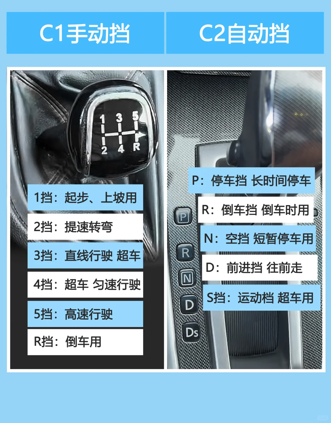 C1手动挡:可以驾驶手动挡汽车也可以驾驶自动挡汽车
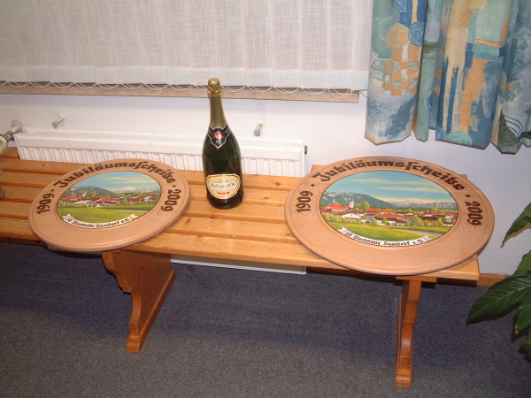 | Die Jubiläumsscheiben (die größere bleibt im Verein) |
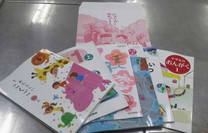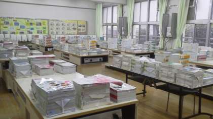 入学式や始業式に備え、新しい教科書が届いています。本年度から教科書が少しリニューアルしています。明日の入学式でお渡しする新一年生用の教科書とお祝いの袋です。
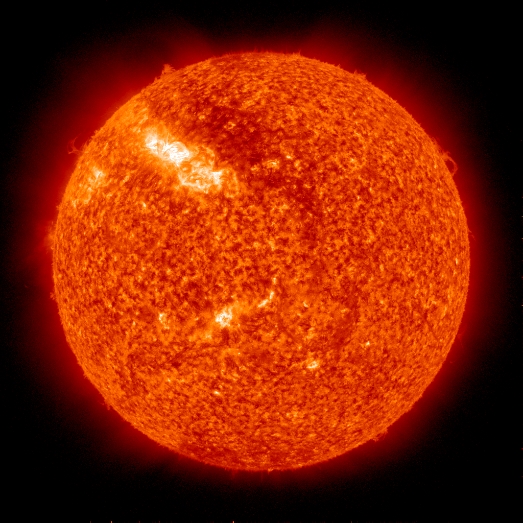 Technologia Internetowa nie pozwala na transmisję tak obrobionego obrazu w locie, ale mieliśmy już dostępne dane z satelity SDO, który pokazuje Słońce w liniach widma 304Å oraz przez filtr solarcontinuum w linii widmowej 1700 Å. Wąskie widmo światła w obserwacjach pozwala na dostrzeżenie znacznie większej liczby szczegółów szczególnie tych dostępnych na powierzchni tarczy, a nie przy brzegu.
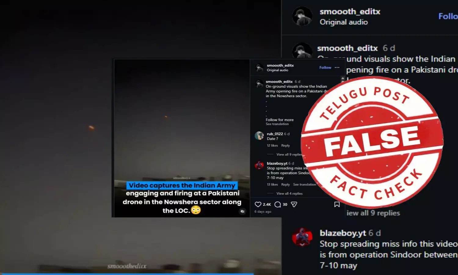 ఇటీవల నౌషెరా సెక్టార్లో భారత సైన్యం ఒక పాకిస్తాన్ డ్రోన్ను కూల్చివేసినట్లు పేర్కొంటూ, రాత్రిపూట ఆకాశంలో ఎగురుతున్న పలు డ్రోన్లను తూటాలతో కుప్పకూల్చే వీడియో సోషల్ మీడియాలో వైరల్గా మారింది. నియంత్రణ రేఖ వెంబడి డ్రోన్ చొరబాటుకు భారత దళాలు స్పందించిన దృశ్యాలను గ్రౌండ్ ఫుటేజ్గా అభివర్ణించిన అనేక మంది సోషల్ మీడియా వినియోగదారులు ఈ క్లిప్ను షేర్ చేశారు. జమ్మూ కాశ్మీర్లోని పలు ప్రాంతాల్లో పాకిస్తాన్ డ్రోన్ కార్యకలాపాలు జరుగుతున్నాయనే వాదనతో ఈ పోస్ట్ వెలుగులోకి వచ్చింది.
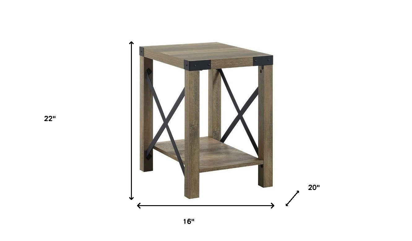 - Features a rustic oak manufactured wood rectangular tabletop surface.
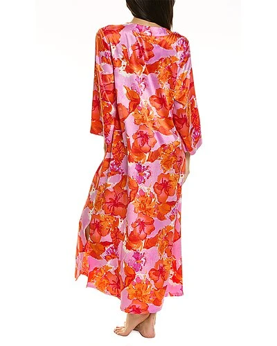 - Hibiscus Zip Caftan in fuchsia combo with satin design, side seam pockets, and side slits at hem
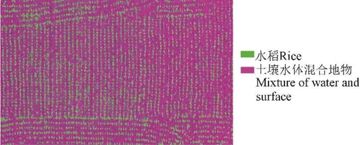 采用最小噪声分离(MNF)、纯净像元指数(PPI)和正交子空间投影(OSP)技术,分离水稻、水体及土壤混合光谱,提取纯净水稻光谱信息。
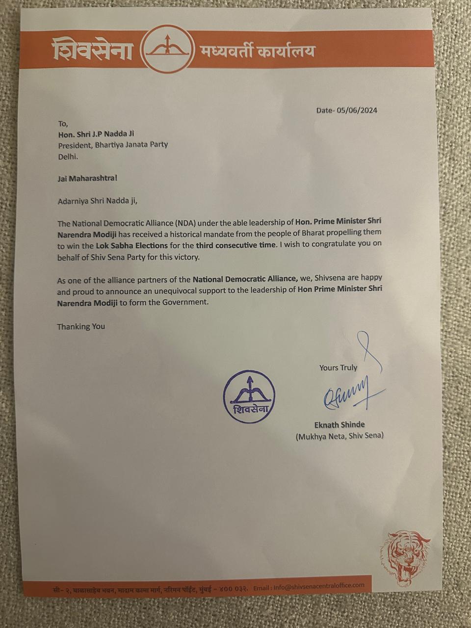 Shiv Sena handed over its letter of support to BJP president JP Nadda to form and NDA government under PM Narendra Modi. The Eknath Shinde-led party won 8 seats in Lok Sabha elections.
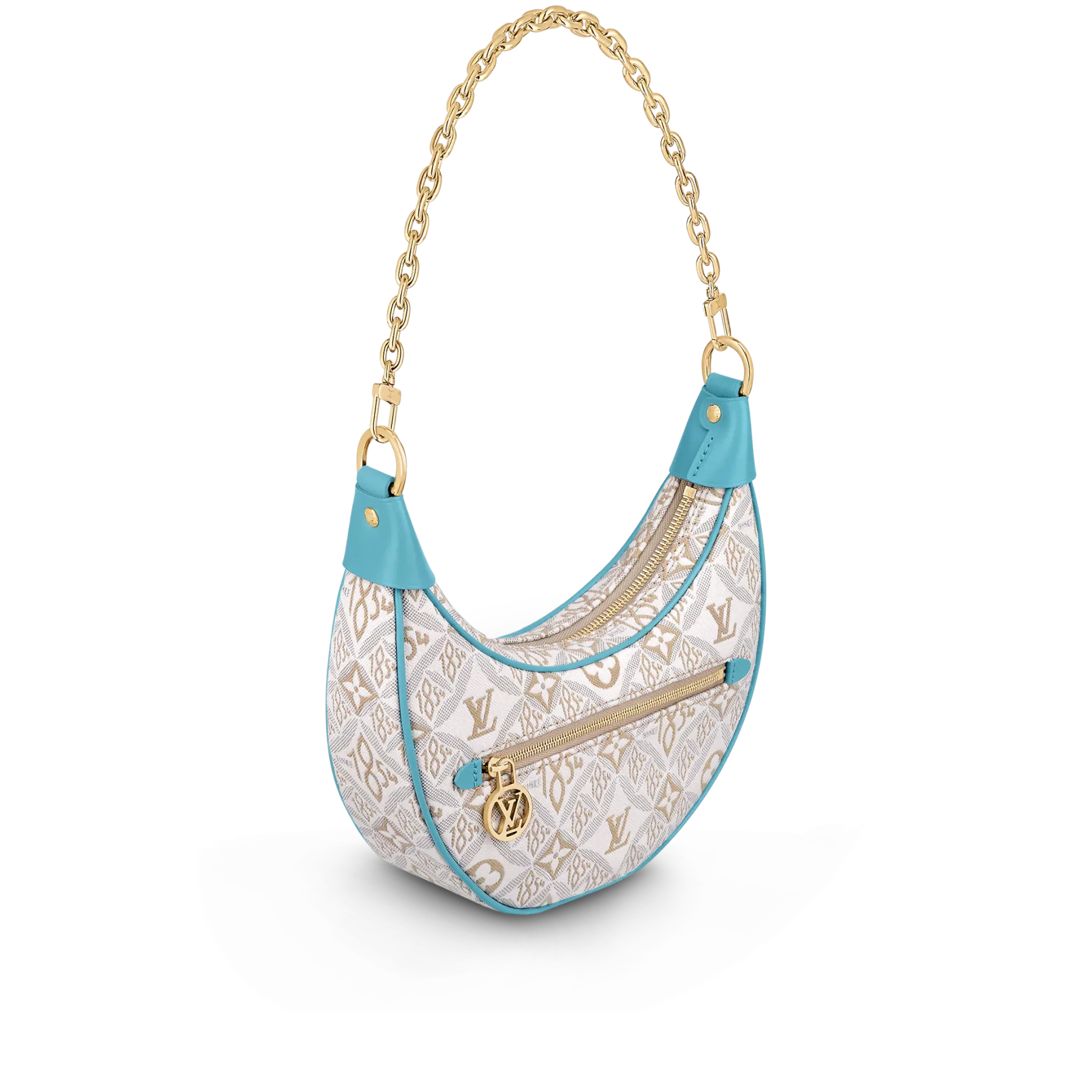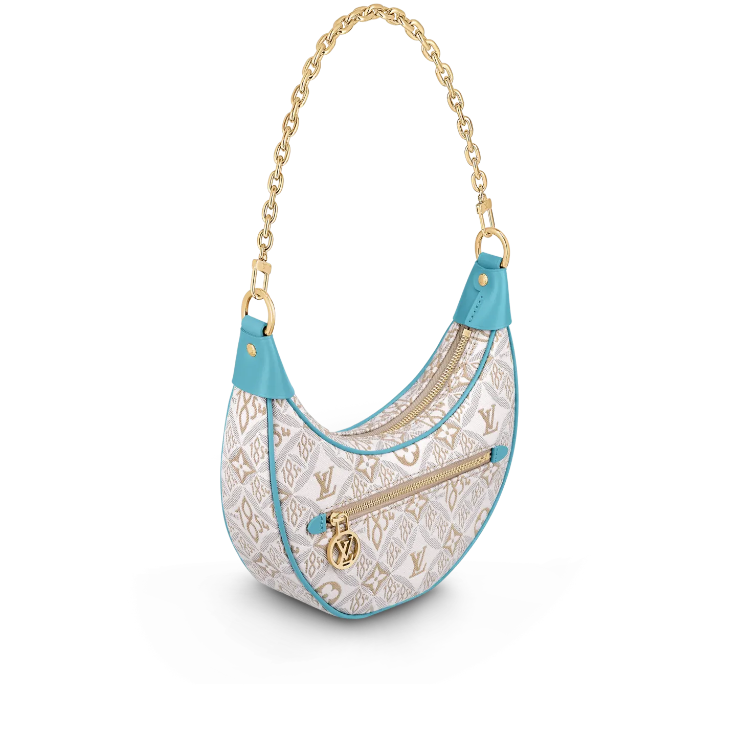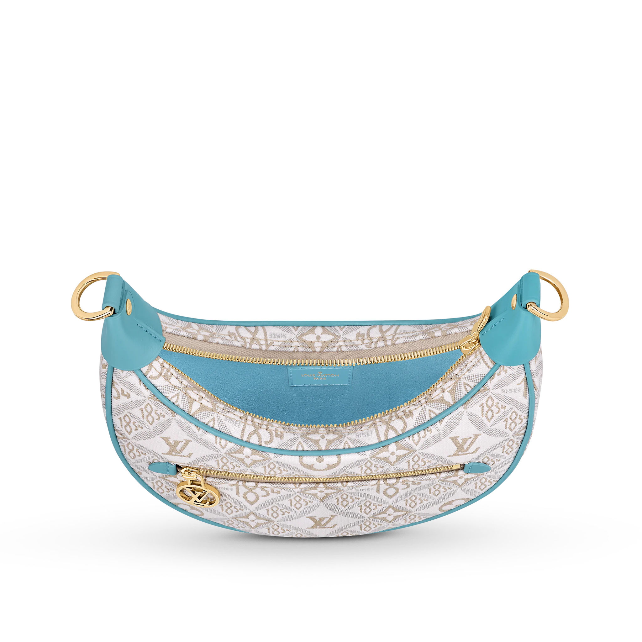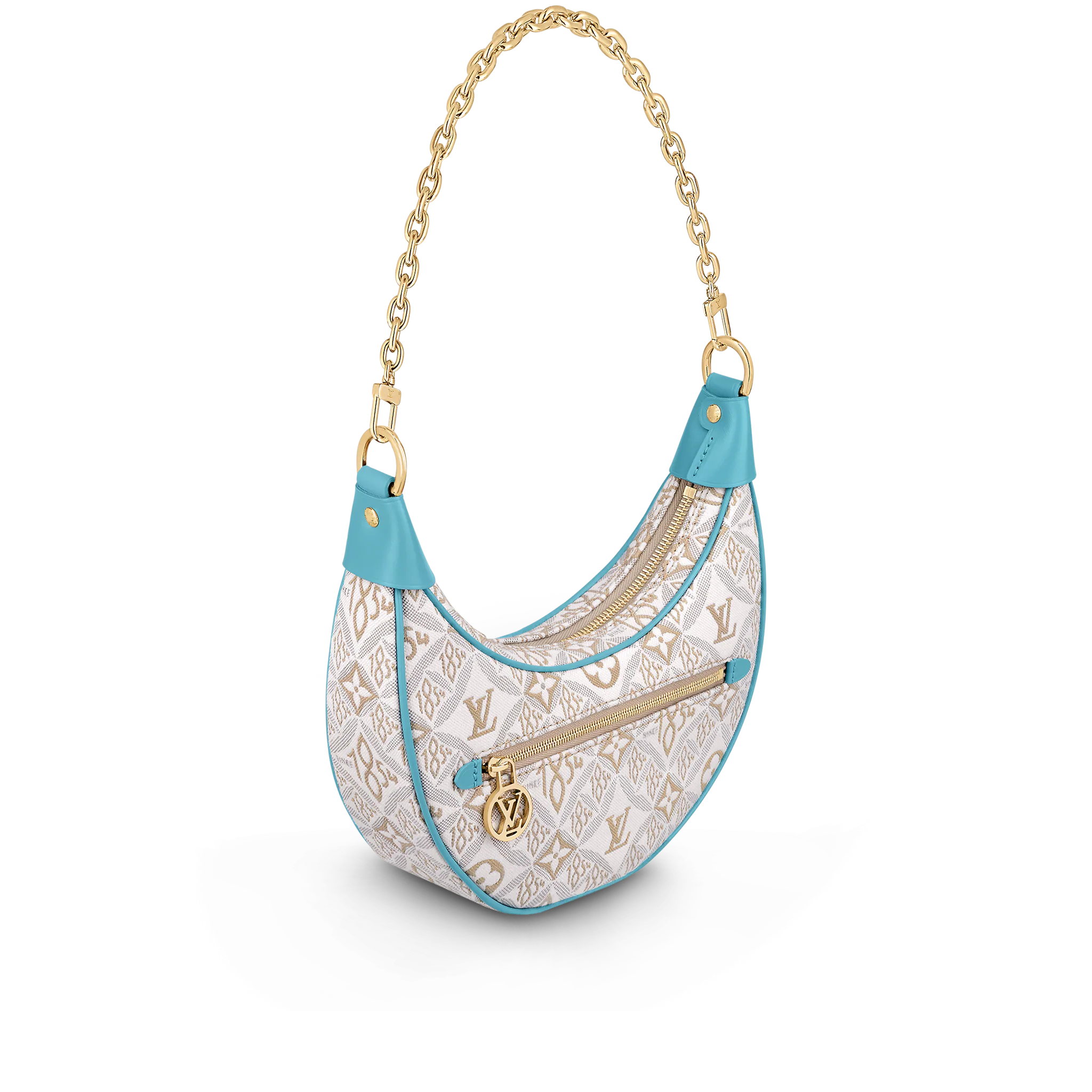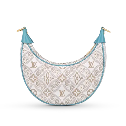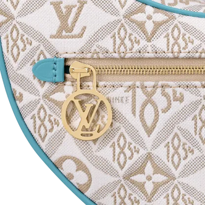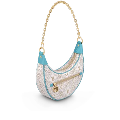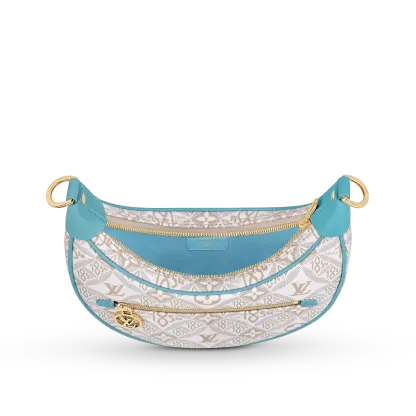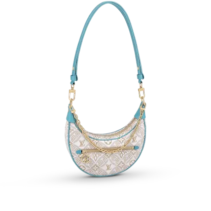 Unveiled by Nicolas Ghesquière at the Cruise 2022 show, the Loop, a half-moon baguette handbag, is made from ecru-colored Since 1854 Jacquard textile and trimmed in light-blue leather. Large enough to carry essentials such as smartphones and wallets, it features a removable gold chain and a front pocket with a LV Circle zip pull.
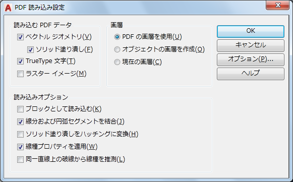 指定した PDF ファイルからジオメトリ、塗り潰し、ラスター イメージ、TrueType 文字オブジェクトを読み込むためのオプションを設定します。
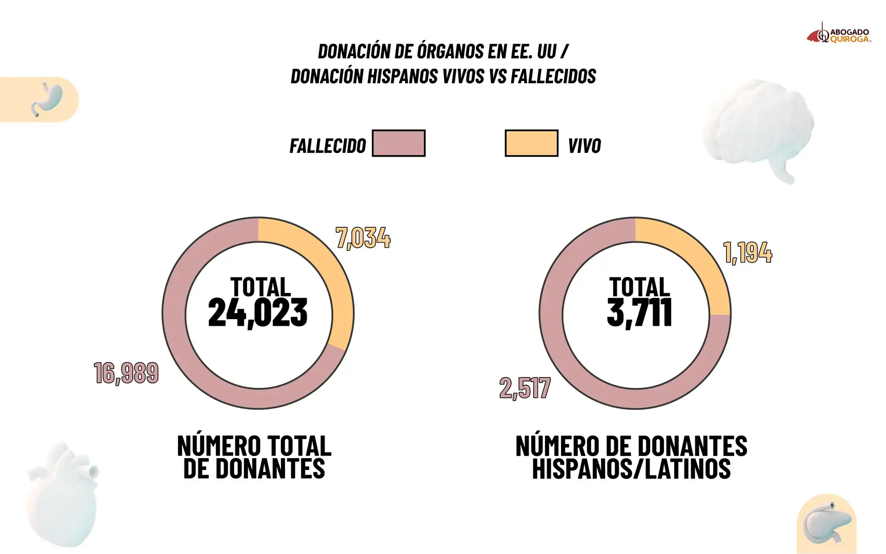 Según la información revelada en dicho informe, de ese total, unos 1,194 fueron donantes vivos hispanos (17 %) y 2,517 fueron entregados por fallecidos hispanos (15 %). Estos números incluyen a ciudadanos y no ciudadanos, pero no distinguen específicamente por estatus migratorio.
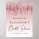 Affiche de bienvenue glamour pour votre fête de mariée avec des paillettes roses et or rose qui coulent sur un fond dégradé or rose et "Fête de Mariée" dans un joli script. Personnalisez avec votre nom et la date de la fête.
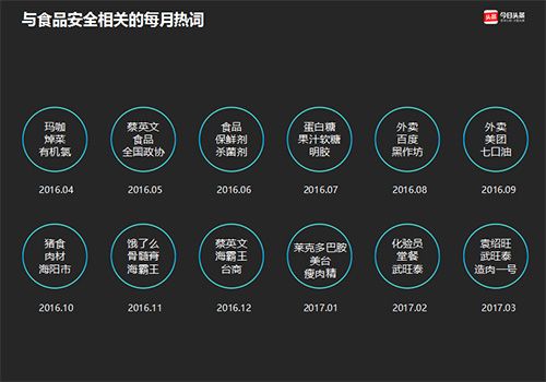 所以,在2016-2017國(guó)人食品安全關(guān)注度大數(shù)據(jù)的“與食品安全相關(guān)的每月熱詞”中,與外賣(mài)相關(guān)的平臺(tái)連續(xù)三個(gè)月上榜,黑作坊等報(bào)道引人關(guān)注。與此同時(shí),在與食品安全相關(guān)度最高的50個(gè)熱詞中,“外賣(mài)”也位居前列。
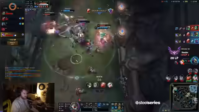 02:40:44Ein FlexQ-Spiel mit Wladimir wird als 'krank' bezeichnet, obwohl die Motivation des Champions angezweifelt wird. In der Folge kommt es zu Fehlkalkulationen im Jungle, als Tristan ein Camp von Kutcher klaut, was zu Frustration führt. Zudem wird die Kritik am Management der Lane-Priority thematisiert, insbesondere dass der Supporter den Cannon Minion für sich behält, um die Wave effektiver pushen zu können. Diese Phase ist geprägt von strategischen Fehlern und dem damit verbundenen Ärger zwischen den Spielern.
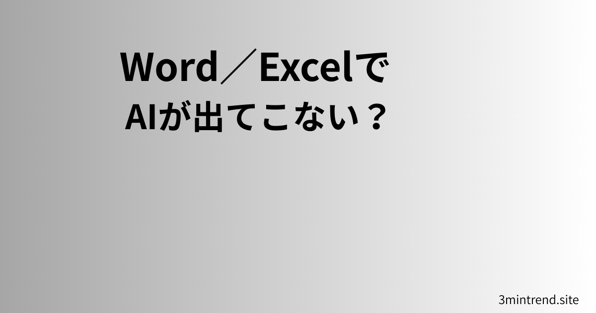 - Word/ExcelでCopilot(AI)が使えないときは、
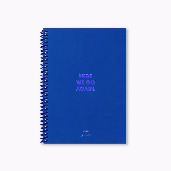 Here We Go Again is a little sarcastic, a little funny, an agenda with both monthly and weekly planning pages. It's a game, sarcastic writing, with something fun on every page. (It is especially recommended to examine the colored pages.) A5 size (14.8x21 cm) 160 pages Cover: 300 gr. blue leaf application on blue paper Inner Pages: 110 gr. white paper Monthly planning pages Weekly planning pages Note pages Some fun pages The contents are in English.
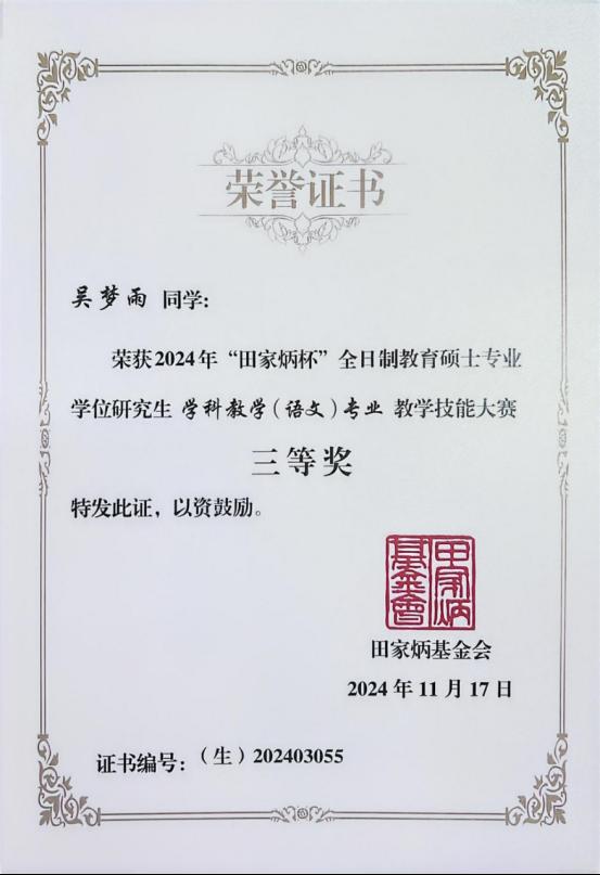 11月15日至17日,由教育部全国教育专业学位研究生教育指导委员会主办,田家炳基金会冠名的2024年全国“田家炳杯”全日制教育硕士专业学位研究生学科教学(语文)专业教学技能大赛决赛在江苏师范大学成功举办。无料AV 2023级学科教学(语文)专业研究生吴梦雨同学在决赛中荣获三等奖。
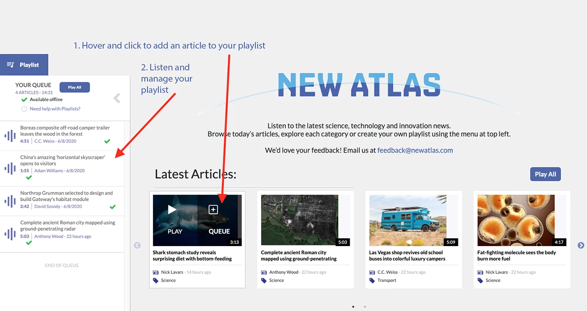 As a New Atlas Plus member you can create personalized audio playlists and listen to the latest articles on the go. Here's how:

PROBLEM DETAILS:
Pictures in the records above are not copied; print everything else exactly.

ANSWER TO THIS PROBLEM:
 C1手动挡:可以驾驶手动挡汽车也可以驾驶自动挡汽车
 | Die Jubiläumsscheiben (die größere bleibt im Verein) |
 入学式や始業式に備え、新しい教科書が届いています。本年度から教科書が少しリニューアルしています。明日の入学式でお渡しする新一年生用の教科書とお祝いの袋です。
 Technologia Internetowa nie pozwala na transmisję tak obrobionego obrazu w locie, ale mieliśmy już dostępne dane z satelity SDO, który pokazuje Słońce w liniach widma 304Å oraz przez filtr solarcontinuum w linii widmowej 1700 Å. Wąskie widmo światła w obserwacjach pozwala na dostrzeżenie znacznie większej liczby szczegółów szczególnie tych dostępnych na powierzchni tarczy, a nie przy brzegu.
 ఇటీవల నౌషెరా సెక్టార్లో భారత సైన్యం ఒక పాకిస్తాన్ డ్రోన్ను కూల్చివేసినట్లు పేర్కొంటూ, రాత్రిపూట ఆకాశంలో ఎగురుతున్న పలు డ్రోన్లను తూటాలతో కుప్పకూల్చే వీడియో సోషల్ మీడియాలో వైరల్గా మారింది. నియంత్రణ రేఖ వెంబడి డ్రోన్ చొరబాటుకు భారత దళాలు స్పందించిన దృశ్యాలను గ్రౌండ్ ఫుటేజ్గా అభివర్ణించిన అనేక మంది సోషల్ మీడియా వినియోగదారులు ఈ క్లిప్ను షేర్ చేశారు. జమ్మూ కాశ్మీర్లోని పలు ప్రాంతాల్లో పాకిస్తాన్ డ్రోన్ కార్యకలాపాలు జరుగుతున్నాయనే వాదనతో ఈ పోస్ట్ వెలుగులోకి వచ్చింది.
 - Features a rustic oak manufactured wood rectangular tabletop surface.
 - Hibiscus Zip Caftan in fuchsia combo with satin design, side seam pockets, and side slits at hem
 采用最小噪声分离(MNF)、纯净像元指数(PPI)和正交子空间投影(OSP)技术,分离水稻、水体及土壤混合光谱,提取纯净水稻光谱信息。
 Shiv Sena handed over its letter of support to BJP president JP Nadda to form and NDA government under PM Narendra Modi. The Eknath Shinde-led party won 8 seats in Lok Sabha elections.
 Unveiled by Nicolas Ghesquière at the Cruise 2022 show, the Loop, a half-moon baguette handbag, is made from ecru-colored Since 1854 Jacquard textile and trimmed in light-blue leather. Large enough to carry essentials such as smartphones and wallets, it features a removable gold chain and a front pocket with a LV Circle zip pull.
 指定した PDF ファイルからジオメトリ、塗り潰し、ラスター イメージ、TrueType 文字オブジェクトを読み込むためのオプションを設定します。
 Según la información revelada en dicho informe, de ese total, unos 1,194 fueron donantes vivos hispanos (17 %) y 2,517 fueron entregados por fallecidos hispanos (15 %). Estos números incluyen a ciudadanos y no ciudadanos, pero no distinguen específicamente por estatus migratorio.
 Affiche de bienvenue glamour pour votre fête de mariée avec des paillettes roses et or rose qui coulent sur un fond dégradé or rose et "Fête de Mariée" dans un joli script. Personnalisez avec votre nom et la date de la fête.
 所以,在2016-2017國(guó)人食品安全關(guān)注度大數(shù)據(jù)的“與食品安全相關(guān)的每月熱詞”中,與外賣(mài)相關(guān)的平臺(tái)連續(xù)三個(gè)月上榜,黑作坊等報(bào)道引人關(guān)注。與此同時(shí),在與食品安全相關(guān)度最高的50個(gè)熱詞中,“外賣(mài)”也位居前列。
 02:40:44Ein FlexQ-Spiel mit Wladimir wird als 'krank' bezeichnet, obwohl die Motivation des Champions angezweifelt wird. In der Folge kommt es zu Fehlkalkulationen im Jungle, als Tristan ein Camp von Kutcher klaut, was zu Frustration führt. Zudem wird die Kritik am Management der Lane-Priority thematisiert, insbesondere dass der Supporter den Cannon Minion für sich behält, um die Wave effektiver pushen zu können. Diese Phase ist geprägt von strategischen Fehlern und dem damit verbundenen Ärger zwischen den Spielern.
 - Word/ExcelでCopilot(AI)が使えないときは、
 Here We Go Again is a little sarcastic, a little funny, an agenda with both monthly and weekly planning pages. It's a game, sarcastic writing, with something fun on every page. (It is especially recommended to examine the colored pages.) A5 size (14.8x21 cm) 160 pages Cover: 300 gr. blue leaf application on blue paper Inner Pages: 110 gr. white paper Monthly planning pages Weekly planning pages Note pages Some fun pages The contents are in English.
 11月15日至17日,由教育部全国教育专业学位研究生教育指导委员会主办,田家炳基金会冠名的2024年全国“田家炳杯”全日制教育硕士专业学位研究生学科教学(语文)专业教学技能大赛决赛在江苏师范大学成功举办。无料AV 2023级学科教学(语文)专业研究生吴梦雨同学在决赛中荣获三等奖。
 As a New Atlas Plus member you can create personalized audio playlists and listen to the latest articles on the go. Here's how:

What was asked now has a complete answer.